(SUPPLIED INFORMATION begins)
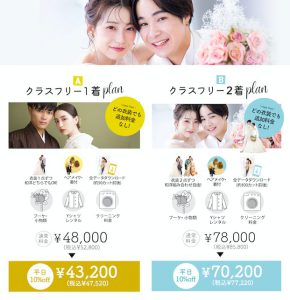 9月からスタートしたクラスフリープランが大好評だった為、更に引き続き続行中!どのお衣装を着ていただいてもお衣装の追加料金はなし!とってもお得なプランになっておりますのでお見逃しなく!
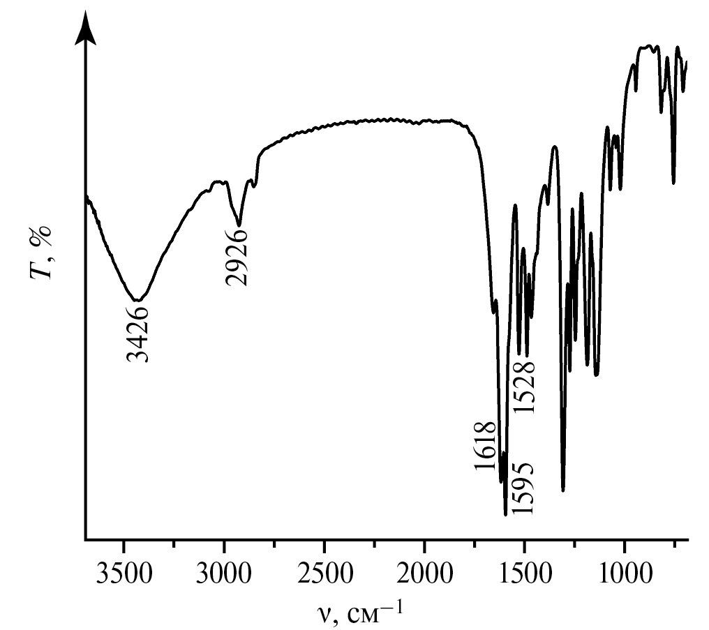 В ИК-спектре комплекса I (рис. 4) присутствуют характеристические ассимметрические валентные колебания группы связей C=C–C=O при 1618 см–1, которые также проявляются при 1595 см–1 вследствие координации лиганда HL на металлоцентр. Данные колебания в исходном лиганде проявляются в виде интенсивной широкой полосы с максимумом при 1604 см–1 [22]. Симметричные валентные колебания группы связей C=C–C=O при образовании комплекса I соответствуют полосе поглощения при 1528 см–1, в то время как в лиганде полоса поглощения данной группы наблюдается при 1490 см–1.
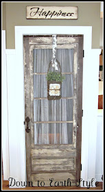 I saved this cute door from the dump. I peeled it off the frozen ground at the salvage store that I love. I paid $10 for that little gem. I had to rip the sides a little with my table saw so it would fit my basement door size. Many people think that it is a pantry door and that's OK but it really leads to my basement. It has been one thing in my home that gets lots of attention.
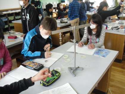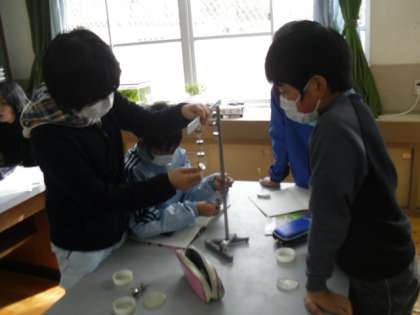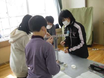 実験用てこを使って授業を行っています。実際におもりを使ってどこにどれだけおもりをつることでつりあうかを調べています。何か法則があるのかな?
(SUPPLIED INFORMATION ends)
(SUPPLIED INFORMATION begins)
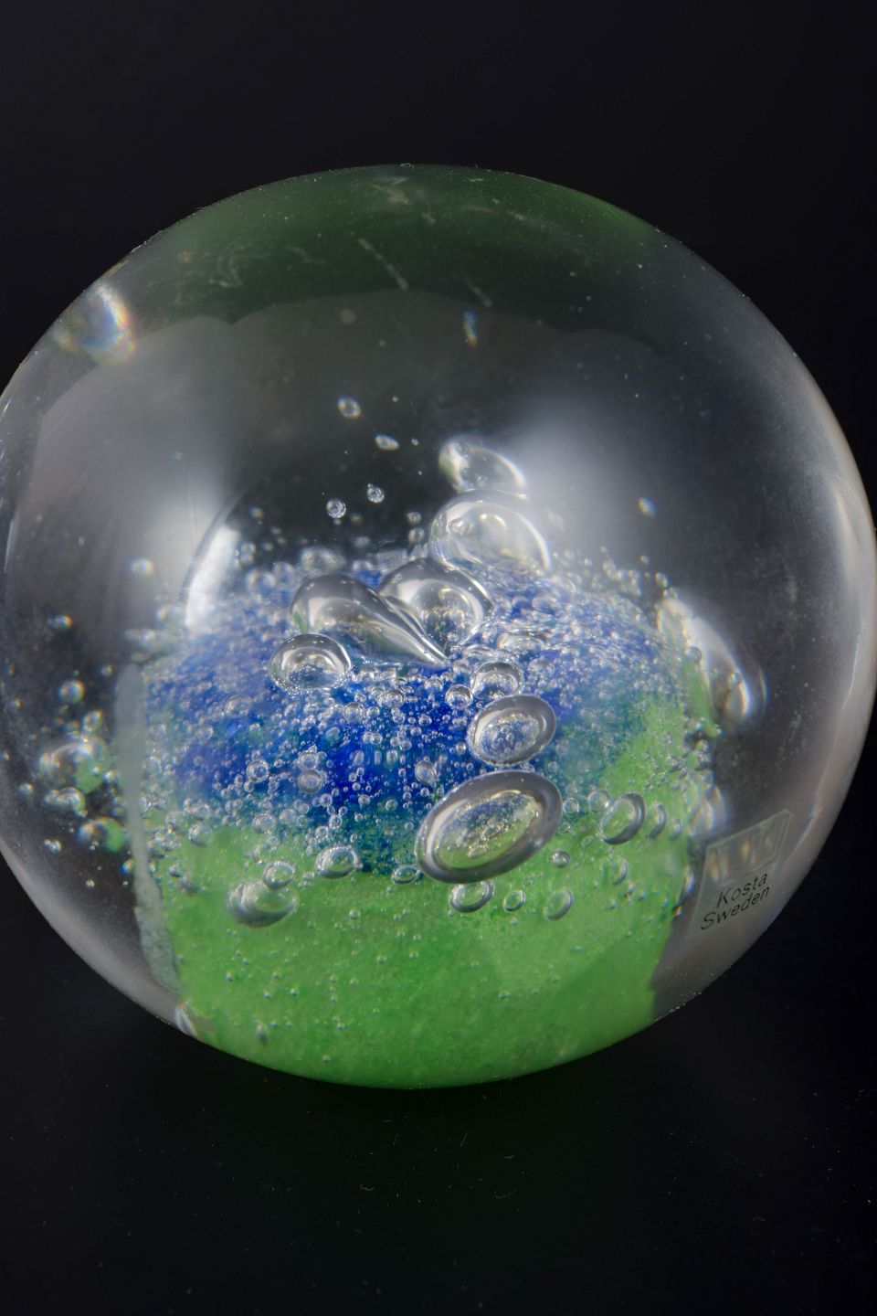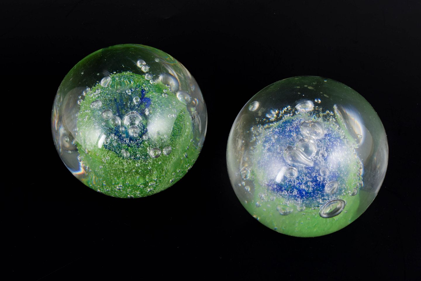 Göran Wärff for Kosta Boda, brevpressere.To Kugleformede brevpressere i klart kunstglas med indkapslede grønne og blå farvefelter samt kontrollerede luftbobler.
(SUPPLIED INFORMATION ends)
ASSIGNMENT: Keep to the stretch from the line containing "I saved this" through the line containing "実験用てこを使って授業を行っ", both ends included, and copy it exactly from the listing above, minus the pictures.

ANSWER TO THIS PROBLEM:
 I saved this cute door from the dump. I peeled it off the frozen ground at the salvage store that I love. I paid $10 for that little gem. I had to rip the sides a little with my table saw so it would fit my basement door size. Many people think that it is a pantry door and that's OK but it really leads to my basement. It has been one thing in my home that gets lots of attention.
 実験用てこを使って授業を行っています。実際におもりを使ってどこにどれだけおもりをつることでつりあうかを調べています。何か法則があるのかな?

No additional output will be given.